The kid who quit baseball and lived to write about it

Joe Robbins

Nobody quits baseball.

Of course that’s not literally true. Sometimes a player will quit when he figures he’s just never going to make it. Sometimes a manager will quit when he’s tired of the grind. But nobody quits when he’s 24, especially if he’s been to the majors and is just a step away from getting back.

Well, nobody except the Cubs’ Adrian Cardenas.

Until basically today, Cardenas was going to be famous -- on the North Side, anyway -- for just one thing: this base hit last year, one of only 11 in his career, which quite possibly prevented the Cubs from being no-hit for the first time since 1965. Now, though, Cardenas is going to be remembered for quitting the game that might have made him millions of dollars over the next five or 10 years. What’s more, he wrote about his decision for The New Yorker’s website:

I quit after trying to balance my life as a professional baseball player with my life as a student during the last three years of my career. In the spring and summer, I played ball. In the fall, I studied creative writing and philosophy at New York University. But with every semester that passed, I loved school more than I loved baseball, and eventually I knew I had to choose one over the other. As I submerged myself into an academic environment, I thought often of my parents, who knew nothing about baseball but raised me with a passion for music and language so great that sports seemed irrelevant by comparison.

I quit because baseball was sacred to me until I started getting paid for it.

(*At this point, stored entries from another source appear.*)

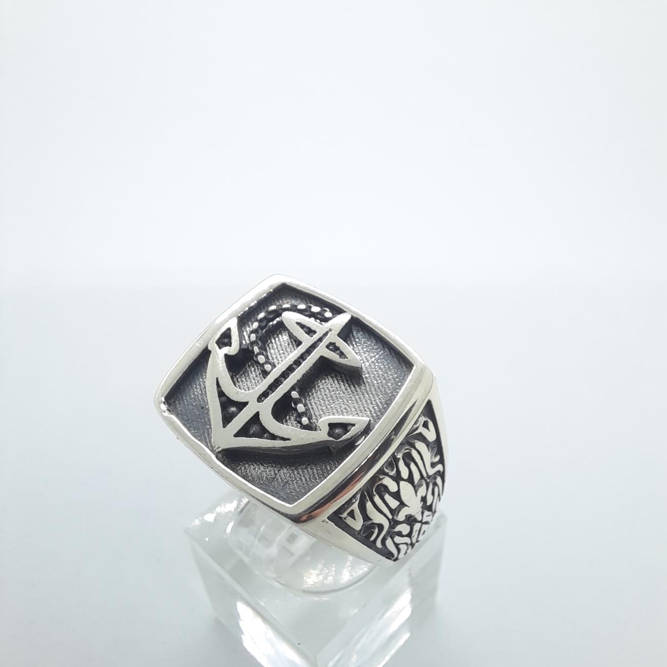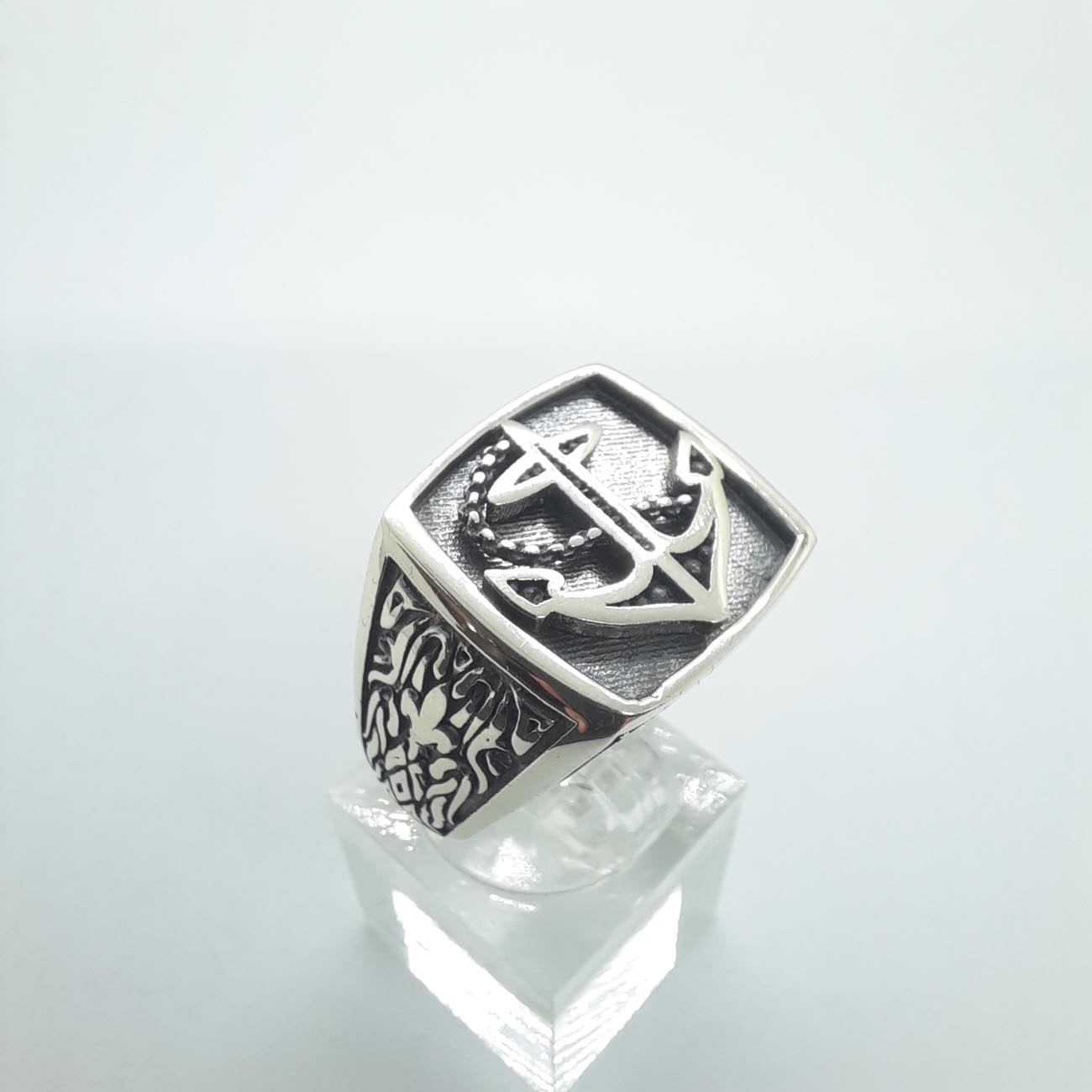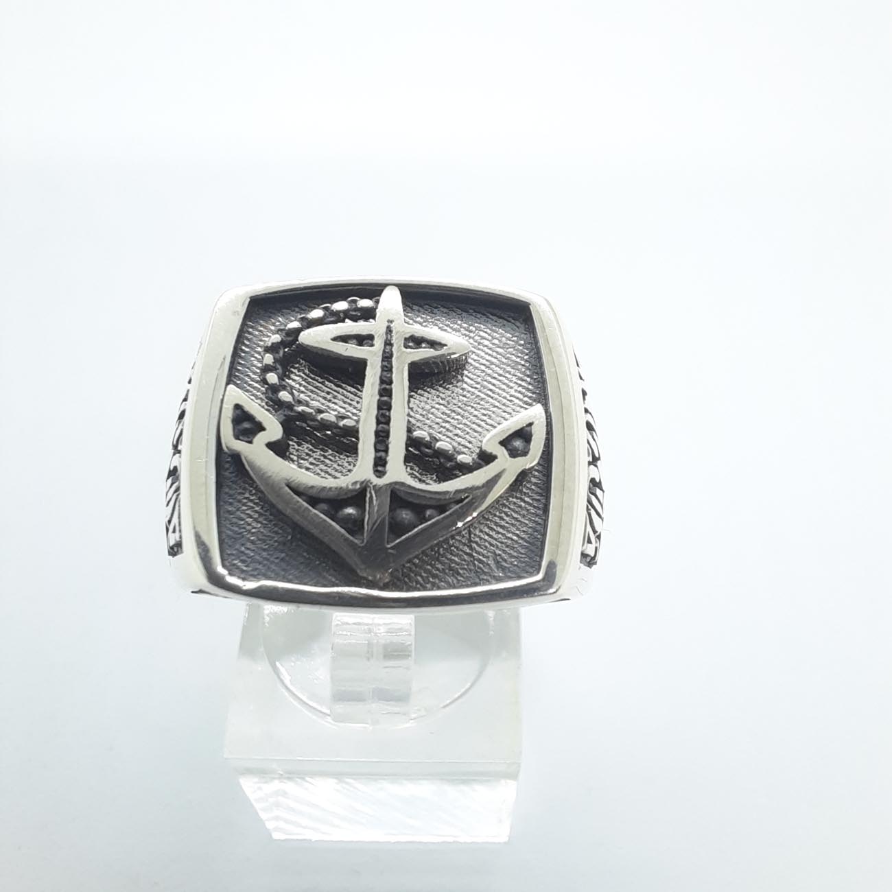 Για τον λάτρη της θάλασσας, ένα υπέροχο τετράγωνο δαχτυλίδι , από ασήμι, με μπροστινή επιφάνεια από αμμοβολή και χαρακτηριστική άγκυρα.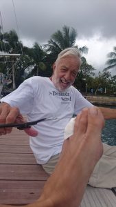 Unser Kapitän frühstückt morgens vor dem Gipfel Bora Boras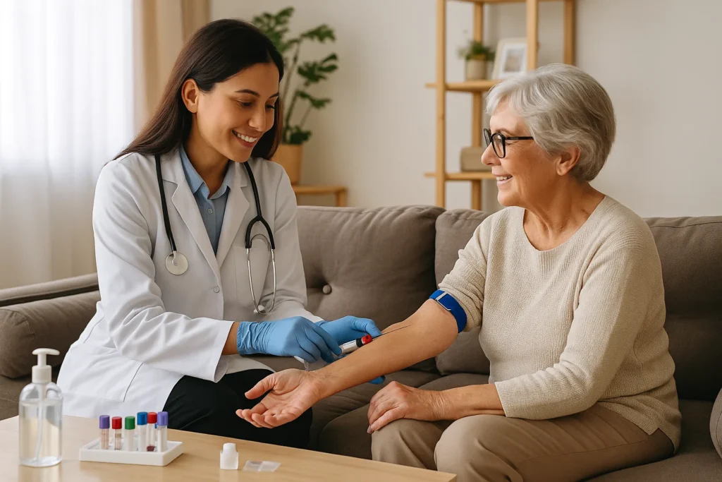 En Galenos Plus realizamos exámenes clínicos y especializados directamente en su hogar. Nuestro equipo médico está capacitado para tomar muestras de sangre, orina y otros estudios, garantizando seguridad, precisión y resultados confiables sin que usted deba desplazarse a un laboratorio.
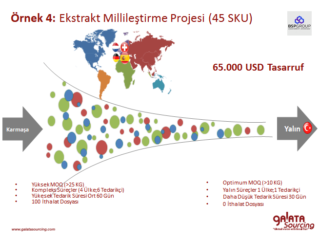 Bir başka sevdiğim model milleştirme modeli, keşke özellikle teknoloji ve hammadde alanında ülkemiz daha rekabetçi daha güçlü olsa da bu modelden örnekleri çoğaltabilesek. Bu örneğimizde aslında tasarruftan daha da güzel bir çıktımız var aslında, hikayeyi başa saracak olursak henüz çiçeği burnumda bir kaç girişimci bir araya gelerek ülkemizin en fazla ithal ettiği ürünlerin analizini yapıyorlar daha sonra giriş bariyeri düşük ancak görece rekabetin az olduğu alanları inceliyorlar ve ekstrakt alanını kendilerine hedef alan olarak belirliyorlar. Daha sonrasında başlıyorlar potansiyel müşterilerinin kapısını çalmaya, çoğu kapı onlara hiç açılmıyor çünkü konfor alanının sıcak alanına kapılmış, yanlış yapmaktan korkan ya da operasyonel yüklerin altında ezilip onlara görüşme zamanı ayarlayamayan insalarla dolu çoğu yer. Neyse ki şanslılar bize rastladırlar, biz de onlara güvendik, kalite denetimleri, bir takım iyileştirmeler, geliştirmeler sonucunda birlikte çok büyük bir projeye imza attık. Bu projenin çıktıları hem operasyonel mükemmellik hem ciddi tasarruf hem de milli bir üreticinin doğmasına sebebiyet verdi.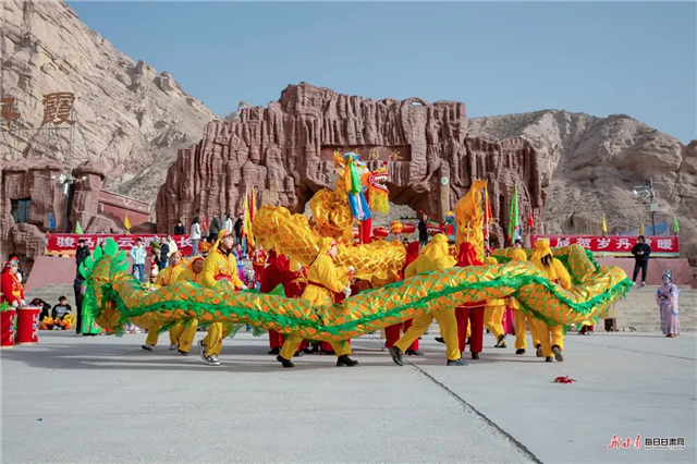 以非遗展演和社火巡游为重要载体,张掖市将传统民俗文化送到街头巷尾,成为新春最浓郁的“年味符号”。张掖市社火调演热闹开演,《龙腾盛世》《雄狮狂舞》等经典节目轮番登场,气势恢宏、喜庆祥和。甘州区玉水苑内《绣楼招亲》《猪八戒背媳妇》等趣味表演诙谐灵动,让市民游客在欢声笑语中感受非物质文化遗产的独特魅力。冰沟丹霞景区创新打造“非遗民俗+自然奇观”特色场景,震天锣鼓与赭红色岩壁交相辉映,舞龙舞狮队伍在峡谷间精彩展演,同步开展的投壶、巡游等新春互动活动,让游客在欣赏丹霞奇观的同时,沉浸式体验传统年味。

The more that “baseball” became synonymous with “business,” the less it meant to me, and I saw less of myself in the game every time I got a check from the Philadelphia Phillies Organization, the Oakland Athletic Company, or the Chicago Cubs, L.L.C. To put it simply, other players were much better than I was at separating the game of baseball from the job of baseball. They could enjoy the thrill of a win—as it should be enjoyed—without thinking of what it meant to the owners’ bottom lines. These players, at once the objects of my envy and my admiration, are the resilient ones, still in the game. I am no longer one of them.

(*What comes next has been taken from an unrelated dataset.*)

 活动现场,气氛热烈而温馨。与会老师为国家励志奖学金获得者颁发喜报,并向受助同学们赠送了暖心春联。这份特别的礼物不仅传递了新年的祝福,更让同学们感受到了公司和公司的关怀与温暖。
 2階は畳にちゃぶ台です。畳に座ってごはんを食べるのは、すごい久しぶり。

This year, Cardenas played in just 64 games, and all of those with the Triple-A Iowa Cubs. But when he played, he played well enough to figure he had a future. The Cubs, who plucked Cardenas off waivers a couple of winters ago, don’t seem to have been particularly optimistic. Still, considering his age (24) and his Triple-A stats (good), we may assume Cardenas would have found a job somewhere next spring. If he wanted one. Which he doesn’t.

Writing’s a tough way to make a living. A good living anyway. But Cardenas seems to have all the tools. And it’s good to see him getting an early start.